5.1 Summary of Findings
The above chapter i.e. data presentation and analysis indicates that the Nepal has yet
to appear in the global FDI map. It has not been able to meet the necessary
minimum preconditions for FDI. Nepal has a long way to go to make the
environment investor friendly. A developed stock exchange, full convertibility of
foreign exchange or free mobility of capital and easy repatriation of profits and
deregulations are some of the preconditions for FDI. These preconditions are yet to
be fully achieved in Nepal.
At the same time, political instability and social and political disturbances have
affected the joint venture projects already operating in Nepal. Some of such
undertakings have been withdrawing their capital. For instance, the French
shareholders have withdrawn their capital from the Nepal Indosuez Bank. Similarly,
the Kodak Company and Colgate- Palmolive have closed down their factories at
Hetauda. Many of Indian business executives running garments and carpet factories
in Nepal has also closed down their operations. These recent developments
appearing in the Nepalese business scenario have been a big set back to the ongoing
efforts of the government to attract foreign investment.
The major findings of this study are as follows:
62
1. The country at present lacks any long terms vision with internal security
emerging as major issues.
2. The local investors have to be encouraged and foreign participation needs to
be increased with the provision of adequate incentives for income tax
holidays, repatriation of investment, and if possible, constitutional guarantee
for private property rights.
3. Foreign aid has to be replaced by foreign investment, especially in export
promoting high technology industries.
4. Security and Maoist insurgency was not only the reason for the declining
trend for foreign investment in Nepal.
5. Failure of the government mechanisms for improving degree of
effectiveness in FDI utilization.
6. Natural and domestic resources should be utilized at maximum.
7. Following the global trend and trying to implement them in context of Nepal
is not going to work, as Nepal presents a different economic scenario and
investment environment.
8. Foreign investment in Nepal has developed a wrong perspective among the
people that is dependency and long term it is very dangerous for the growth
and sustainability of the country.
9. There should be division of areas so that there arise no bottleneck for being
landlocked country.
10. Furthermore, the results indicate that most of the causal links are found in
developing countries which experience a higher level of corruption in the
form of excessive patronage, nepotism, job reservations, “favor-for-favors”,
secret party funding, and suspiciously close ties between politics and
business
11. The policy makers, academicians, and politician should face the present
reality of Nepal and do in depths study. PEST analysis to attract and restore
Foreign Investment in the country rather than make only superficial study.
63
Therefore, the main reasons for the poor inflow of FDI to Nepal are unstable
government policies, bureaucratic hurdles, political uncertainties, weak financial
sector and unsupportive investment environment.
5.2 Conclusions
The review of global, regional and Nepal’s FDI and trade reveals clear patterns and
trends. The global environment of FDI and trade suggests a conducive environment
if competitive one. The tremendous growth in the global FDI and trade as revealed
by the data is testimony to this. On the one hand the trend and patterns for Nepal is
erratic, negative and declining, which is contrary to and reverse of the global trends
and patterns. This appears to suggest that the world economy is moving in one
direction and Nepal in other. The reasons are not hard to differentiate. For private
capital flows and FDI, Nepal has yet to create minimum and necessary
preconditions that would attract private capital flows and FDI. To reverse this
balance of trade gap, Nepal must create products and explore niches that have
competitive advantage in the regional and global market. Failure to do so will lead
to further marginalization in a competitive global economy of the 21st century.

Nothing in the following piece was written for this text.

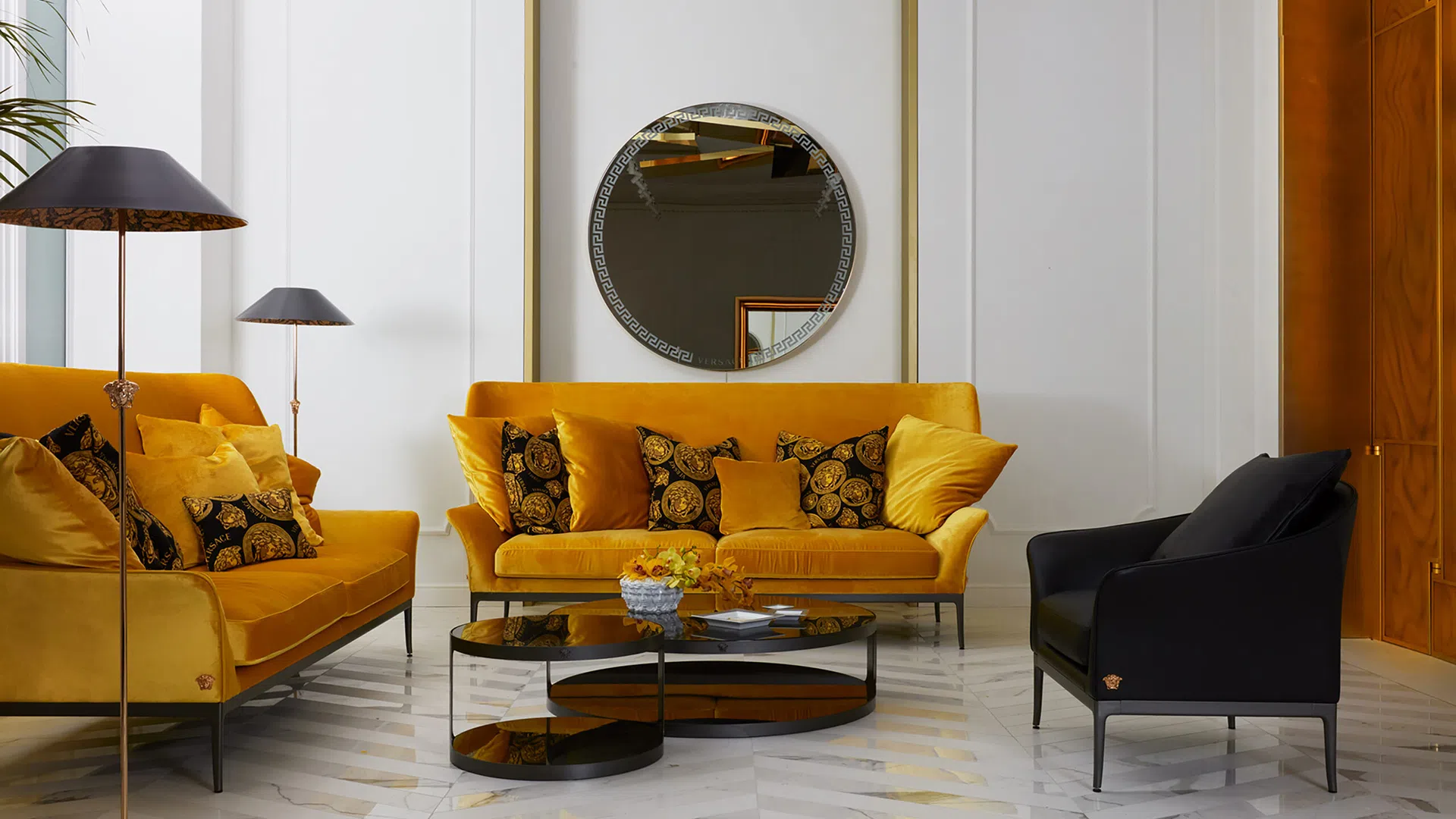 A living room furnished with Versace pieces becomes a statement of character — ornamental yet modern, expressive yet impeccably balanced. Natural wood, supple leather, marble, glass, and touches of gold or silver transform everyday comfort into a curated experience.

Instead of share of the pie of the global prosperity, Nepal may find itself bottom of
the marsh of poverty.
When the research was started, the reason behind declining in FDI was assumed
only the political instability. But after the research, I have found so many reasons as
constraints for FDI inflow in Nepal. As we know political instability is becoming
one of the major constraints to attract FDI in Nepal. And in other hand there are
other so many bureaucratic hurdles which are also becoming one of the major
constraints. Another major problem Nepal is facing is geographical constraint by it
many multinational corporations think it as another hurdle. We know that
transparency and corruption less state can attract foreign investment. Because it
reduces the costs for MNCs but in Nepal it is also becoming a constraint to attract
64
FDI. A good financial system can also play a vital role to establish amicable
environment to attract FDI but in case of Nepal the financial system is not favorable
to MNCs. The cost of financing from Nepalese financial system is higher than other
countries. Another major determining factor to inflow of FDI is Labor laws and
policies where the labor laws are liberal and stable there FDI and MNCs want to go.
Nepal is the one where labor laws are not clear and labor unions are influenced by
the political parties.
While talking about the prospects of FDI in Nepal, It is clear that in a such
transitional and volatile period no bilateral and multilateral projects will come to
Nepal. As we know Nepal is ranked in the poorest index according to “Doing
Business 2009”, World Bank. These indexes are based on 180 countries and Nepal
is ranked as that. In such scenario there is the probability of no more FDI in future.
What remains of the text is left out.